:: Task brief ::
After locating the line with "皿に そばを 入れて、のりを かけます。" below, output it and each following line exactly, stopping after the line with "وكالة الأنباء العمانية". No pictures.

··· Supplied information ···

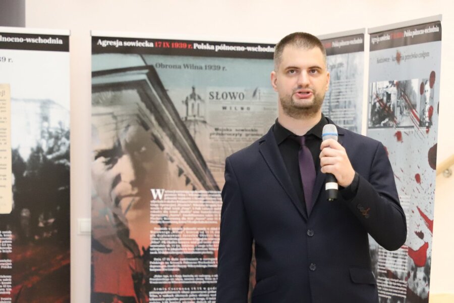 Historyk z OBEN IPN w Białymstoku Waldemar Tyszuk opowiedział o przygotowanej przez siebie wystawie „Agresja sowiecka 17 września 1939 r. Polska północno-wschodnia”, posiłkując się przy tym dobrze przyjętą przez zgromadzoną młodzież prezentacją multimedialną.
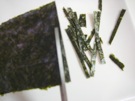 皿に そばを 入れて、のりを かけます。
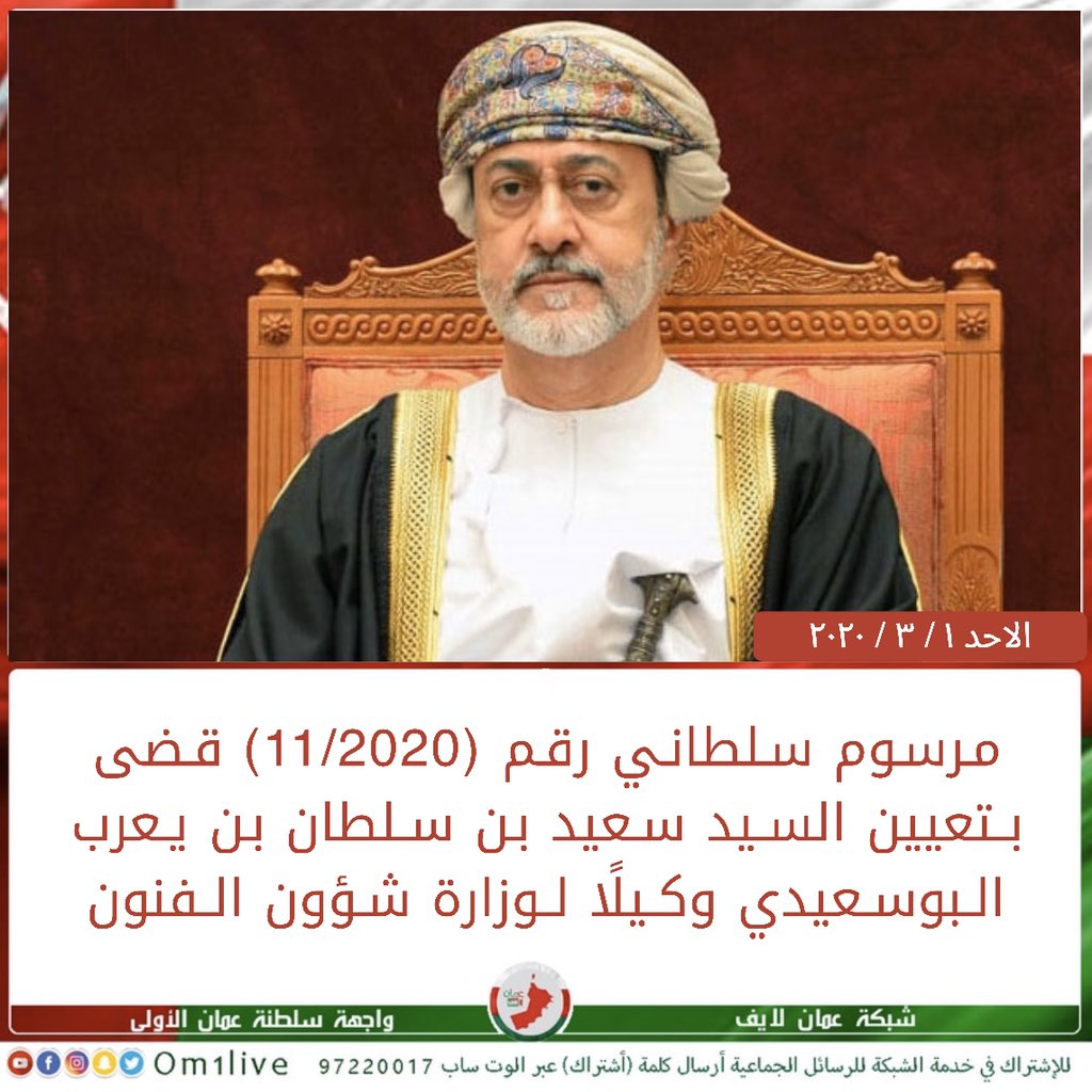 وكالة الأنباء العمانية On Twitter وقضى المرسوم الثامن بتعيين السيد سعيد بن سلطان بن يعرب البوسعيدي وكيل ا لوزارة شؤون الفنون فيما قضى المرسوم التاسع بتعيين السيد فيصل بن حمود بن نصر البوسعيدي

···
··· Supplied information ···

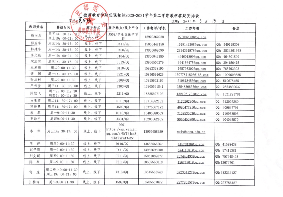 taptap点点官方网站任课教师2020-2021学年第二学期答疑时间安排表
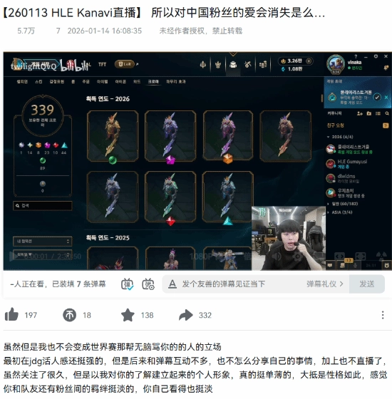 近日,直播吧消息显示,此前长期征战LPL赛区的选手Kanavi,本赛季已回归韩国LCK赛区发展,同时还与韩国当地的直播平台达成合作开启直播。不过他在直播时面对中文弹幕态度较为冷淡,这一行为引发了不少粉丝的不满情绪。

···
··· Supplied information ···

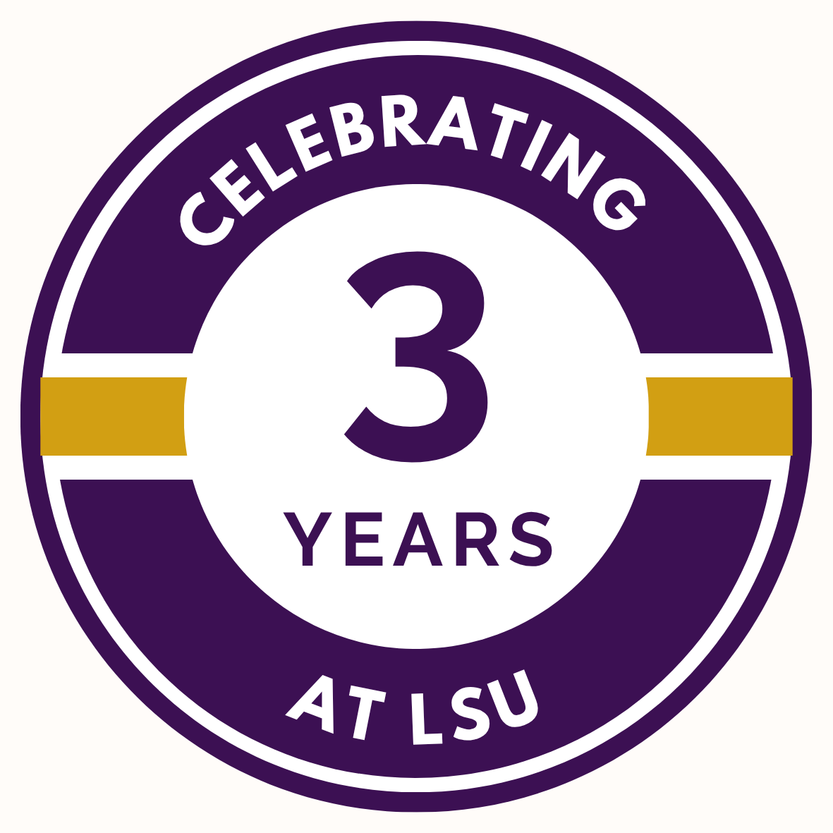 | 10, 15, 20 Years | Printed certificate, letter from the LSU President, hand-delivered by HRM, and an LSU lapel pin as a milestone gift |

···

:: Task response ::
 皿に そばを 入れて、のりを かけます。
 وكالة الأنباء العمانية On Twitter وقضى المرسوم الثامن بتعيين السيد سعيد بن سلطان بن يعرب البوسعيدي وكيل ا لوزارة شؤون الفنون فيما قضى المرسوم التاسع بتعيين السيد فيصل بن حمود بن نصر البوسعيدي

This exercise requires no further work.